Some of the newer technologies—such as optical disks, DVDs, and tape jukeboxes—are likely to provide viable alternatives to the use of magnetic disks. For now, however, it is important to study and understand the properties and characteristics of magnetic disks and the way data files can be organized on disk in order to design effective databases with acceptable performance.
Magnetic tapes are frequently used as a storage medium for backing up the database because storage on tape costs even less than storage on disk. However, access to data on tape is quite slow. Data stored on tapes is off-line; that is, some intervention by an operator—or an automatic loading device—to load a tape is needed before this data becomes available. In contrast, disks are on-line devices that can be accessed directly at any time.
The techniques used to store large amounts of structured data on disk are important for database designers, the DBA, and implementers of a DBMS. Database designers and the DBA must know the advantages and disadvantages of each storage technique when they design, implement, and operate a database on a specific DBMS. Usually, the DBMS has several options available for organizing the data, and the process of physical database design involves choosing from among the options the particular data organization techniques that best suit the given application requirements. DBMS system implementers must study data organization techniques so that they can implement them efficiently and thus provide the DBA and users of the DBMS with sufficient options.
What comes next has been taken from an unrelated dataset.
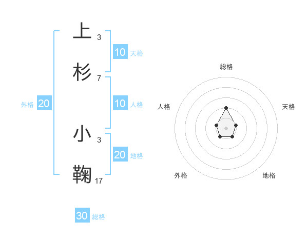 上杉 小鞠さんの総格は30画の2点!

Typical database applications need only a small portion of the database at a time for processing. Whenever a certain portion of the data is needed, it must be located on disk, copied to main memory for processing, and then rewritten to the disk if the data is changed. The data stored on disk is organized as files of records. Each record is a collection of data values that can be interpreted as facts about entities, their attributes, and their relationships. Records should be stored on disk in a manner that makes it possible to locate them efficiently whenever they are needed.